▸ Source data:
○ ○ ○

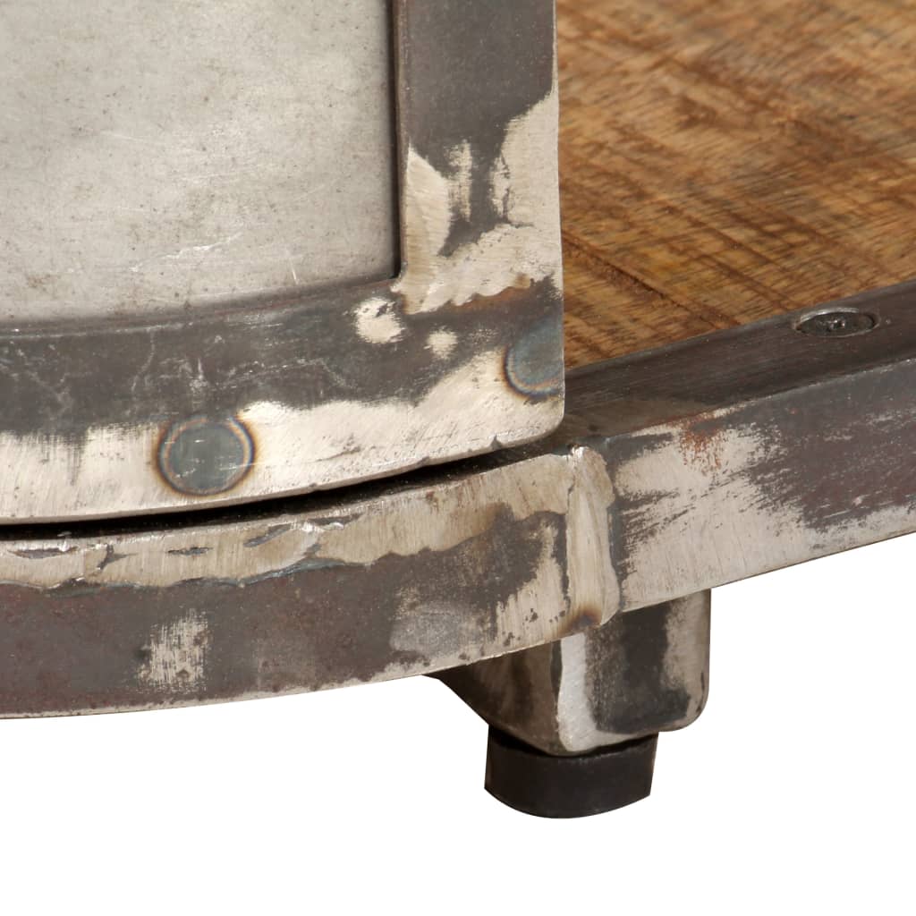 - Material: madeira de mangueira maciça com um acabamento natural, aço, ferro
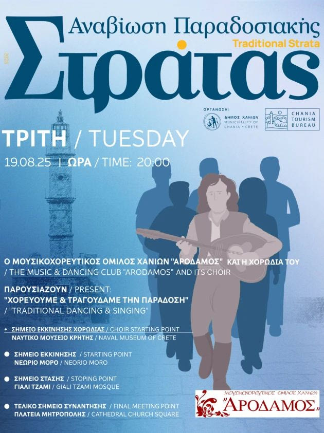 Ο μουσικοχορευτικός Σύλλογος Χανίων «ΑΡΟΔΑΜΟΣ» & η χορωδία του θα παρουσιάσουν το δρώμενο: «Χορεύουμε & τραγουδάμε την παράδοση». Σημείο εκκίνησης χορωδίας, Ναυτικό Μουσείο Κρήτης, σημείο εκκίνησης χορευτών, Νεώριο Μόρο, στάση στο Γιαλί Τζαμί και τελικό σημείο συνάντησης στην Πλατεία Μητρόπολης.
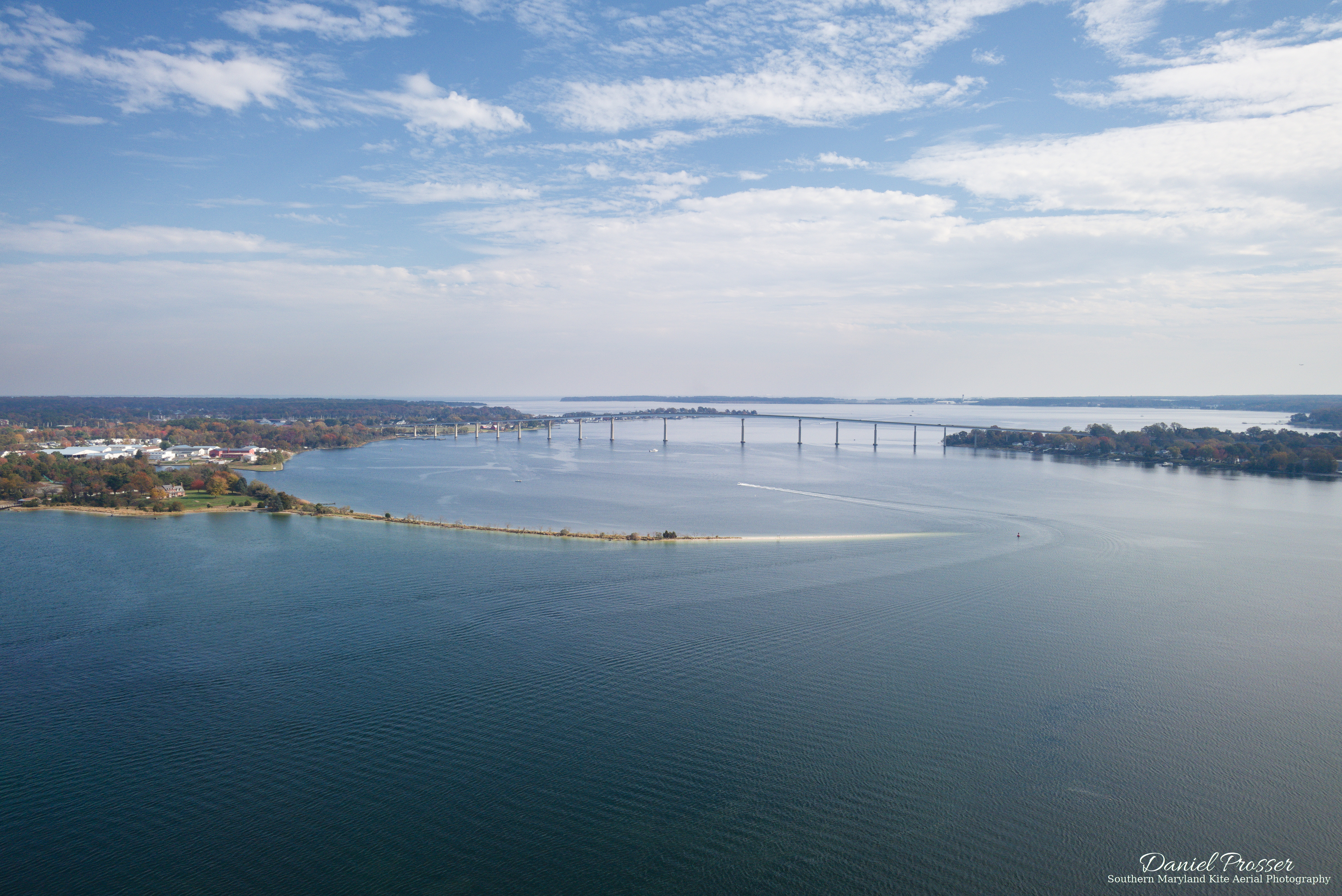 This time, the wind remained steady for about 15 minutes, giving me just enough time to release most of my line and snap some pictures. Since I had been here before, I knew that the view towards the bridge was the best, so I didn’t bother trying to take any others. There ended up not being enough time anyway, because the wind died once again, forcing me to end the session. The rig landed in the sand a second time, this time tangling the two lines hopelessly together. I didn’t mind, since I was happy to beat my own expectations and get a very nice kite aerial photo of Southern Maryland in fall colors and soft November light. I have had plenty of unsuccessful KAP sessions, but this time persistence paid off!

○ ○ ○

▸ Task description: Everything in the listing except the pictures must come back exactly as written.

▸ Exercise solution:
 - Material: madeira de mangueira maciça com um acabamento natural, aço, ferro
 Ο μουσικοχορευτικός Σύλλογος Χανίων «ΑΡΟΔΑΜΟΣ» & η χορωδία του θα παρουσιάσουν το δρώμενο: «Χορεύουμε & τραγουδάμε την παράδοση». Σημείο εκκίνησης χορωδίας, Ναυτικό Μουσείο Κρήτης, σημείο εκκίνησης χορευτών, Νεώριο Μόρο, στάση στο Γιαλί Τζαμί και τελικό σημείο συνάντησης στην Πλατεία Μητρόπολης.
 This time, the wind remained steady for about 15 minutes, giving me just enough time to release most of my line and snap some pictures. Since I had been here before, I knew that the view towards the bridge was the best, so I didn’t bother trying to take any others. There ended up not being enough time anyway, because the wind died once again, forcing me to end the session. The rig landed in the sand a second time, this time tangling the two lines hopelessly together. I didn’t mind, since I was happy to beat my own expectations and get a very nice kite aerial photo of Southern Maryland in fall colors and soft November light. I have had plenty of unsuccessful KAP sessions, but this time persistence paid off!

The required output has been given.